-- Exercise prompt --
After removing every image, reproduce the data exactly as it appears.

-- Given material --
========

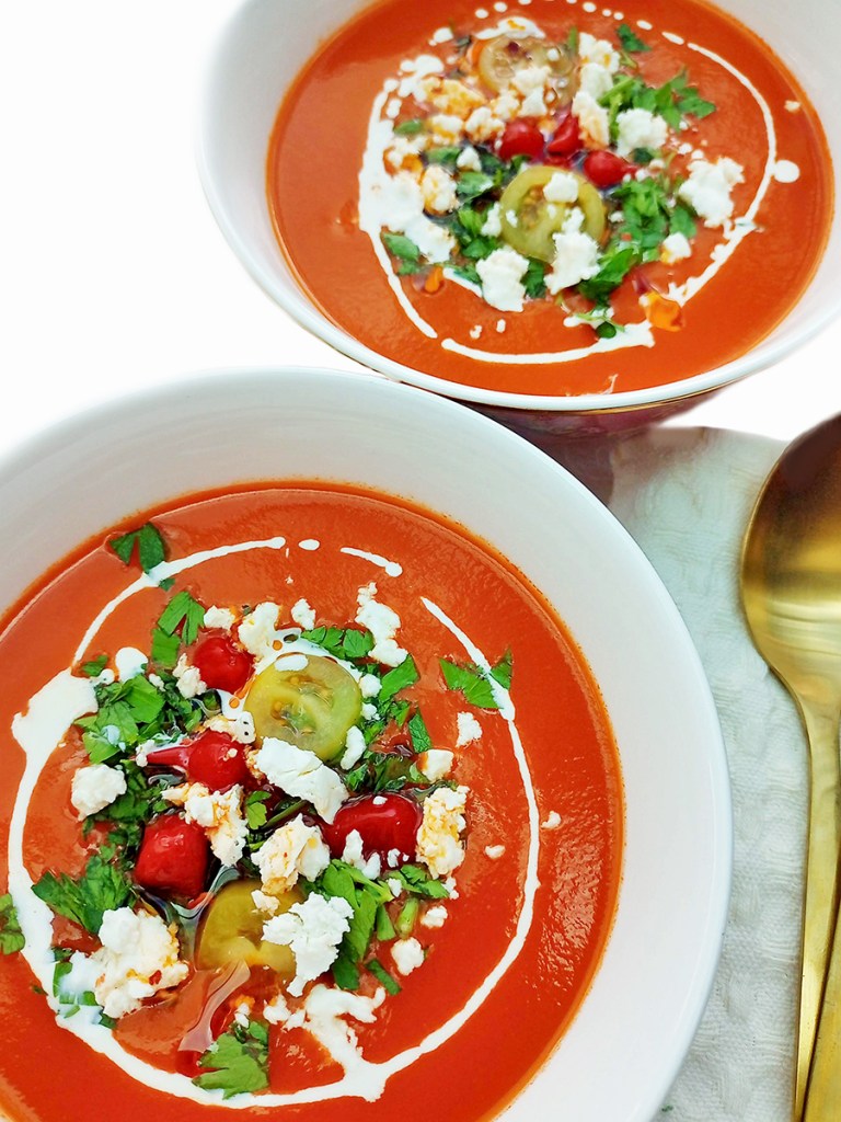 I don’t cook every single meal from scratch but I tend to add my own twist to pre-made dishes either to add more flavour, texture or substance. I love making soup but I also buy tins of good soup that keep for ages on a shelf for the days that I was a veggie hit without the effort. You can tart up soup from a tin by adding toppings that boost the flavour and texture. Choose toppings that match or compliment the flavour of the soup. To turn tinned soup into a more lavish meal I buy a wheel of camembert then warm it up along with a ciabatta loaf then serve them alongside the soup with a big bunch of grapes.
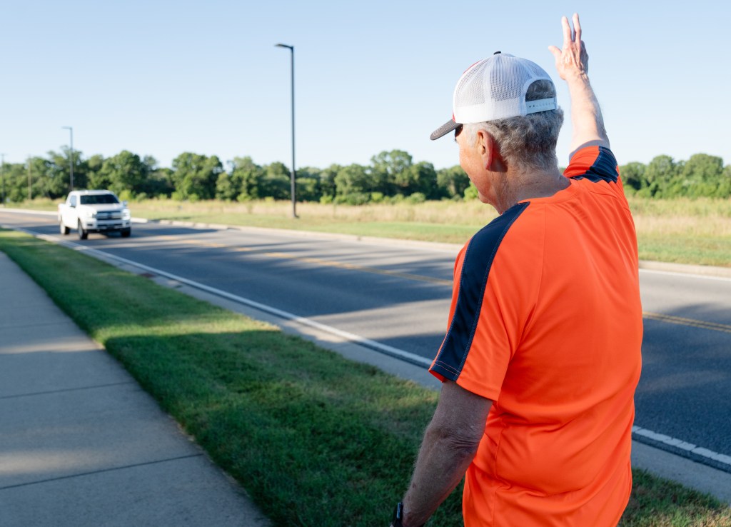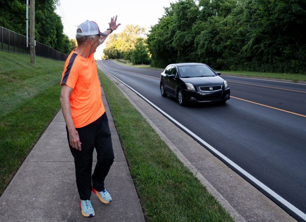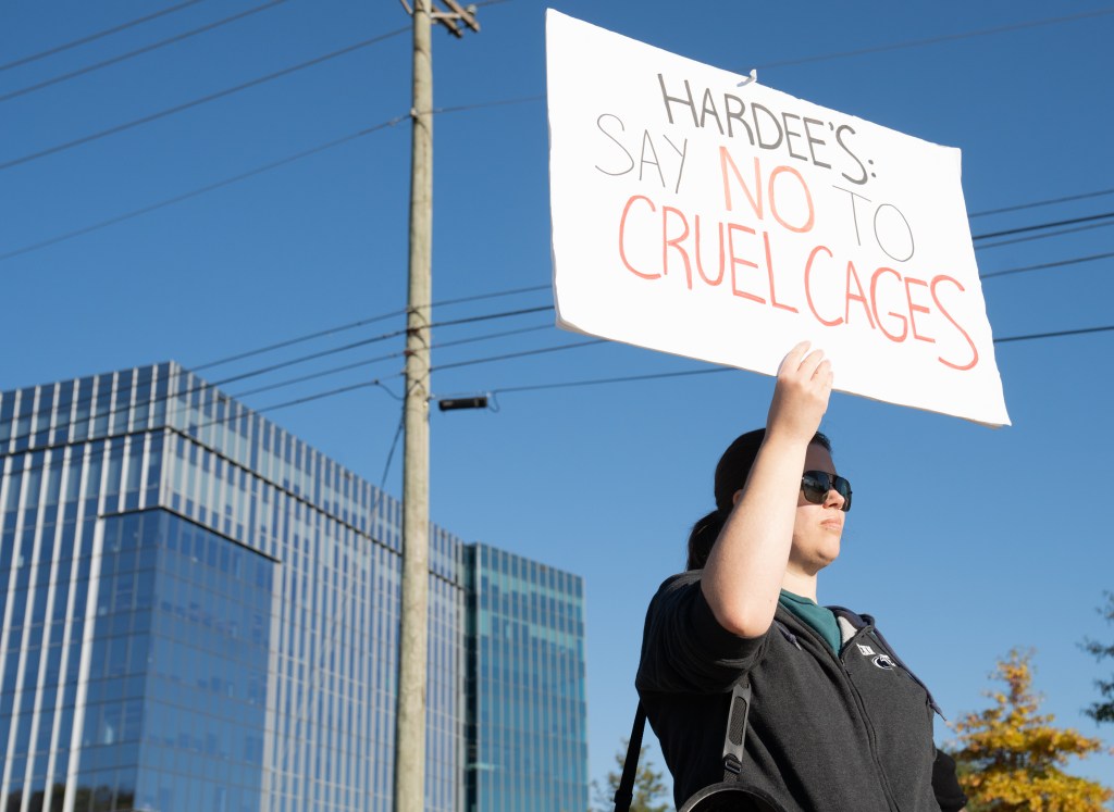 Jones holds a sign facing traffic during a protest by Humane League Activists at the headquarters of CKE in Franklin on Thursday, Oct. 17, 2024.
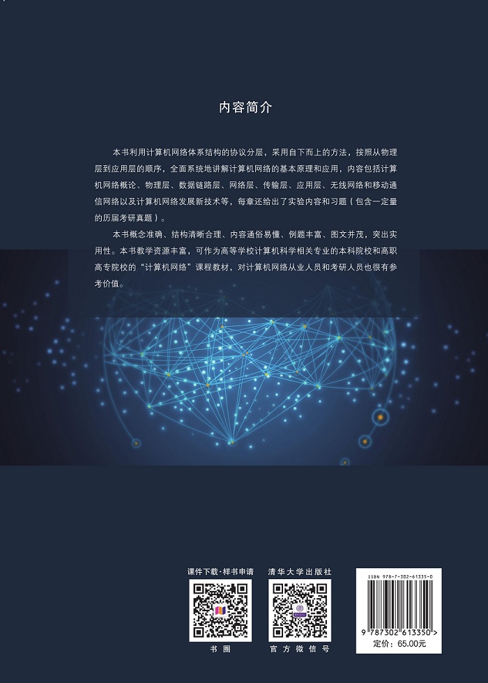 本书利用计算机网络体系结构的协议分层,采用自下而上的方法,按照从物理层到应用层的顺序,全面系统地讲解计算机网络的基本原理和应用,内容包括计算机网络概论、物理层、数据链路层、网络层、传输层、应用层、无线网络和移动通信网络以及计算机网络发展新技术等,每章还给出了实验内容和习题(包含一定量的历届考研真题)。 本书概念准确,结构清晰合理,内容通俗易懂,例题丰富,图文并茂,突出实用性。本书教学资源丰富,可作为高等学校计算机科学相关专业“计算机网络”课程的教材,对计算机网络从业人员和考研人员也很有参考价值。
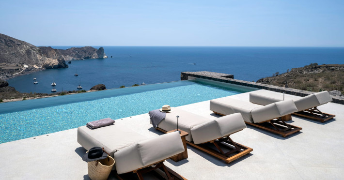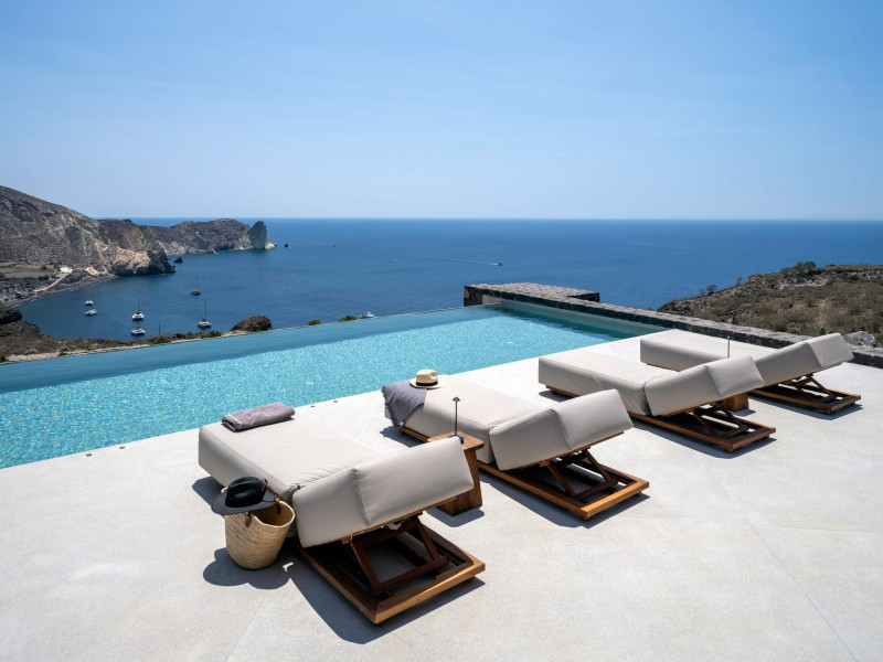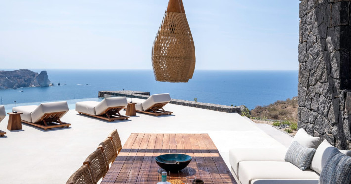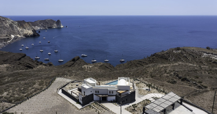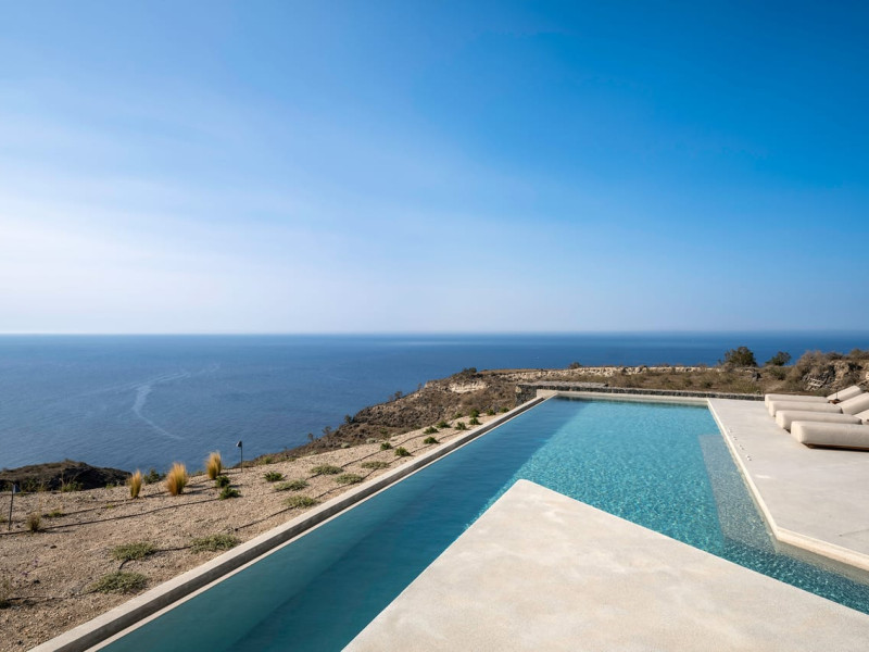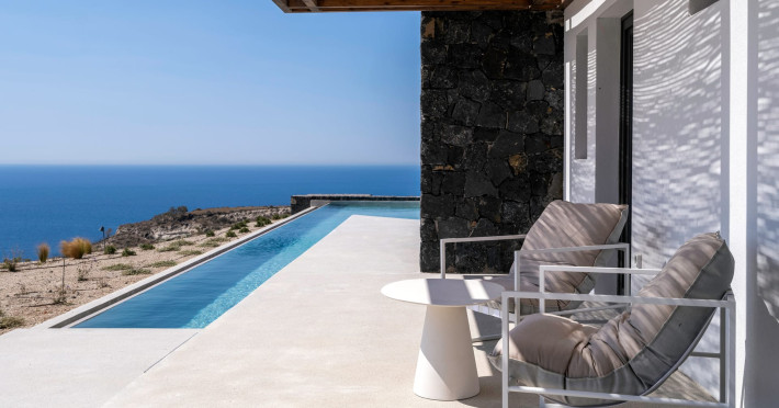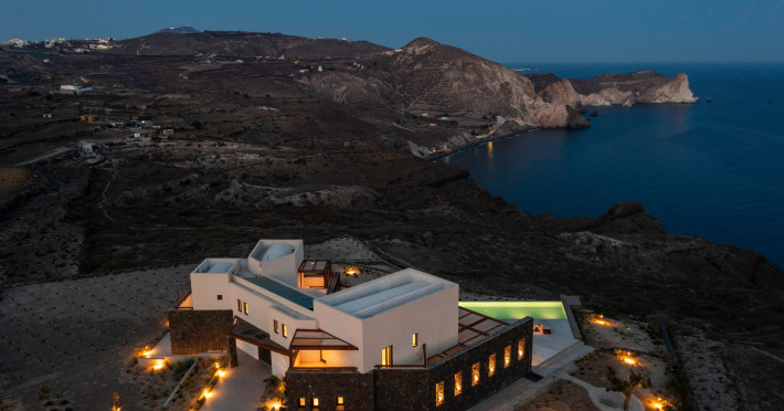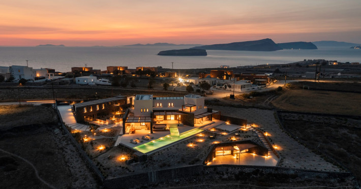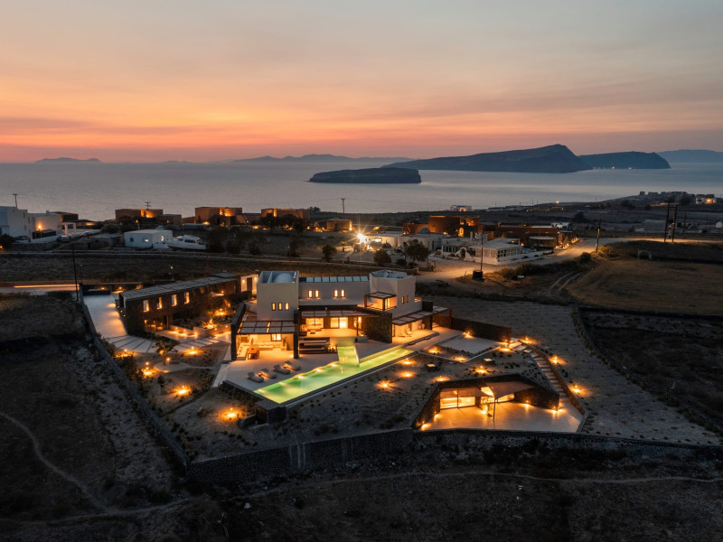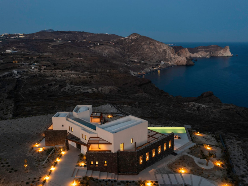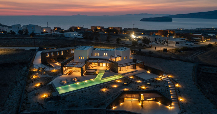 Tucked away in timeless Akrotiri,Acrodise Estate is a sanctuary of stillness and elevated elegance.Designed for those who seek peace, refined comfort and discreet luxury, this exclusive 325 sqm villa unfolds across three levels of curated sophistication — nestled within a private vineyard and overlooking the endless blue of the Aegean Sea.Thoughtfully created to host up to 20 guests in absolute comfort, Acrodise is more than a place to stay — it is a place that commands presence.A setting where barefoot mornings meet fire-lit horizons,where nature’s raw beauty meets architectural grace and quiet grandeur.

========

-- Solved problem --
 I don’t cook every single meal from scratch but I tend to add my own twist to pre-made dishes either to add more flavour, texture or substance. I love making soup but I also buy tins of good soup that keep for ages on a shelf for the days that I was a veggie hit without the effort. You can tart up soup from a tin by adding toppings that boost the flavour and texture. Choose toppings that match or compliment the flavour of the soup. To turn tinned soup into a more lavish meal I buy a wheel of camembert then warm it up along with a ciabatta loaf then serve them alongside the soup with a big bunch of grapes.
 Jones holds a sign facing traffic during a protest by Humane League Activists at the headquarters of CKE in Franklin on Thursday, Oct. 17, 2024.
 本书利用计算机网络体系结构的协议分层,采用自下而上的方法,按照从物理层到应用层的顺序,全面系统地讲解计算机网络的基本原理和应用,内容包括计算机网络概论、物理层、数据链路层、网络层、传输层、应用层、无线网络和移动通信网络以及计算机网络发展新技术等,每章还给出了实验内容和习题(包含一定量的历届考研真题)。 本书概念准确,结构清晰合理,内容通俗易懂,例题丰富,图文并茂,突出实用性。本书教学资源丰富,可作为高等学校计算机科学相关专业“计算机网络”课程的教材,对计算机网络从业人员和考研人员也很有参考价值。
 Tucked away in timeless Akrotiri,Acrodise Estate is a sanctuary of stillness and elevated elegance.Designed for those who seek peace, refined comfort and discreet luxury, this exclusive 325 sqm villa unfolds across three levels of curated sophistication — nestled within a private vineyard and overlooking the endless blue of the Aegean Sea.Thoughtfully created to host up to 20 guests in absolute comfort, Acrodise is more than a place to stay — it is a place that commands presence.A setting where barefoot mornings meet fire-lit horizons,where nature’s raw beauty meets architectural grace and quiet grandeur.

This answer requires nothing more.